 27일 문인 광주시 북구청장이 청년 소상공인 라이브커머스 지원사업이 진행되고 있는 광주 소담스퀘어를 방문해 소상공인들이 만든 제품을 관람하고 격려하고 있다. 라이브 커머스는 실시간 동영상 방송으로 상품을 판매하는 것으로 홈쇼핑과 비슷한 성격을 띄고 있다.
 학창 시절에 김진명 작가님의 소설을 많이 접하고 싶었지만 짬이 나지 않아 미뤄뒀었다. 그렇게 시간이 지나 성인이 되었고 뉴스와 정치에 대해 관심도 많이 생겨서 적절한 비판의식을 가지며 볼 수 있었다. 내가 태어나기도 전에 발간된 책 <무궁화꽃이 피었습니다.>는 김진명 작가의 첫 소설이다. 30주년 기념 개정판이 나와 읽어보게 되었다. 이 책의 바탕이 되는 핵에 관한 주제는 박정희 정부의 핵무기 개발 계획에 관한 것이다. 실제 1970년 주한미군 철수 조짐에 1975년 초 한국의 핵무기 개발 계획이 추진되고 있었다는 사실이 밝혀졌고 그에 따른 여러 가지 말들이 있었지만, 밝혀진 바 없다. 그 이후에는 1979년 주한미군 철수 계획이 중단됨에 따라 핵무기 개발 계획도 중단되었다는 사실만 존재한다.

_____

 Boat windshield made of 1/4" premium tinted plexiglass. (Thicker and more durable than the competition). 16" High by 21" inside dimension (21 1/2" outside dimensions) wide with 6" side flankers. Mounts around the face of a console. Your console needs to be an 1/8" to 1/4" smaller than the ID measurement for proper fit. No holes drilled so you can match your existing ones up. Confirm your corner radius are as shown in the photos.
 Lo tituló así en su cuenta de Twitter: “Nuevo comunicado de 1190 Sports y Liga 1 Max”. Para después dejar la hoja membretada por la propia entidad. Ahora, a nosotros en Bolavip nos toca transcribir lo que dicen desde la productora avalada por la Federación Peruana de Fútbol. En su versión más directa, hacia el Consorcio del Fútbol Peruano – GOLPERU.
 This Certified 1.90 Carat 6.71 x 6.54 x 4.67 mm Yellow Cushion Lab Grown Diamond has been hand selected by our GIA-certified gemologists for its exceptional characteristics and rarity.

_____

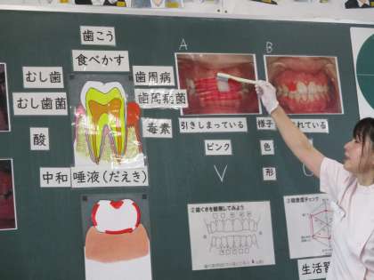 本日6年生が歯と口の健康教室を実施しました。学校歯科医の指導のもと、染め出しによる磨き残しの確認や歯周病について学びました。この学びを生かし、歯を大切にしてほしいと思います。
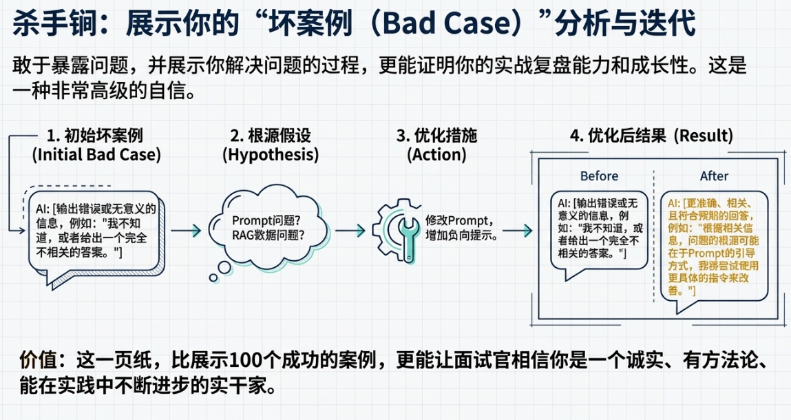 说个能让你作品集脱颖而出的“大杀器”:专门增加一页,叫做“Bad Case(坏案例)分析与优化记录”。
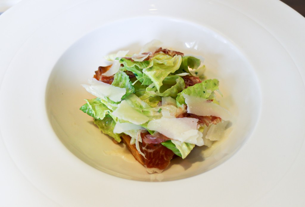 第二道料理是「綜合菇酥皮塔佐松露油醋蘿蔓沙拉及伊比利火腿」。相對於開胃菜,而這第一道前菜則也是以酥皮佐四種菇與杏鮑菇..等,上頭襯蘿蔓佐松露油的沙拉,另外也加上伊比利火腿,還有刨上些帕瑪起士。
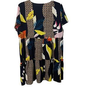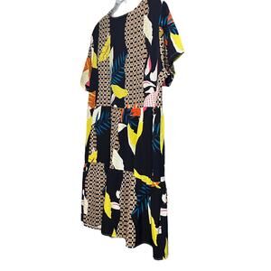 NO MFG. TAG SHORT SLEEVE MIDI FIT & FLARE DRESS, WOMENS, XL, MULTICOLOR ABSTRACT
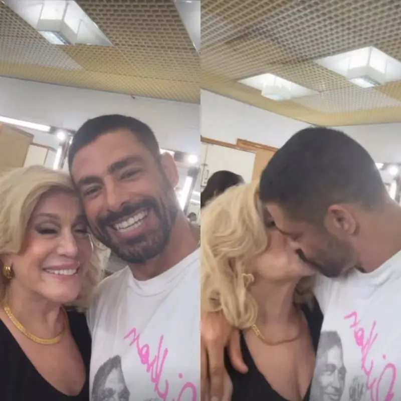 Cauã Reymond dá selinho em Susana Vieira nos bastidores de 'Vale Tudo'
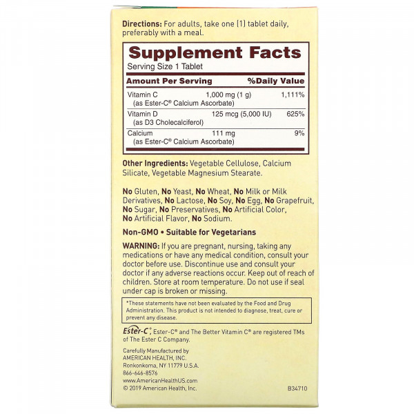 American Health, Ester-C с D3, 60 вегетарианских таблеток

_____

> [To do]:
Using the data above, print exactly the lines from the line that contains "27일 문인 광주시 북구청장이" through the line that contains "학창 시절에 김진명 작가님의", with both included.

> [Written reply]:
 27일 문인 광주시 북구청장이 청년 소상공인 라이브커머스 지원사업이 진행되고 있는 광주 소담스퀘어를 방문해 소상공인들이 만든 제품을 관람하고 격려하고 있다. 라이브 커머스는 실시간 동영상 방송으로 상품을 판매하는 것으로 홈쇼핑과 비슷한 성격을 띄고 있다.
 학창 시절에 김진명 작가님의 소설을 많이 접하고 싶었지만 짬이 나지 않아 미뤄뒀었다. 그렇게 시간이 지나 성인이 되었고 뉴스와 정치에 대해 관심도 많이 생겨서 적절한 비판의식을 가지며 볼 수 있었다. 내가 태어나기도 전에 발간된 책 <무궁화꽃이 피었습니다.>는 김진명 작가의 첫 소설이다. 30주년 기념 개정판이 나와 읽어보게 되었다. 이 책의 바탕이 되는 핵에 관한 주제는 박정희 정부의 핵무기 개발 계획에 관한 것이다. 실제 1970년 주한미군 철수 조짐에 1975년 초 한국의 핵무기 개발 계획이 추진되고 있었다는 사실이 밝혀졌고 그에 따른 여러 가지 말들이 있었지만, 밝혀진 바 없다. 그 이후에는 1979년 주한미군 철수 계획이 중단됨에 따라 핵무기 개발 계획도 중단되었다는 사실만 존재한다.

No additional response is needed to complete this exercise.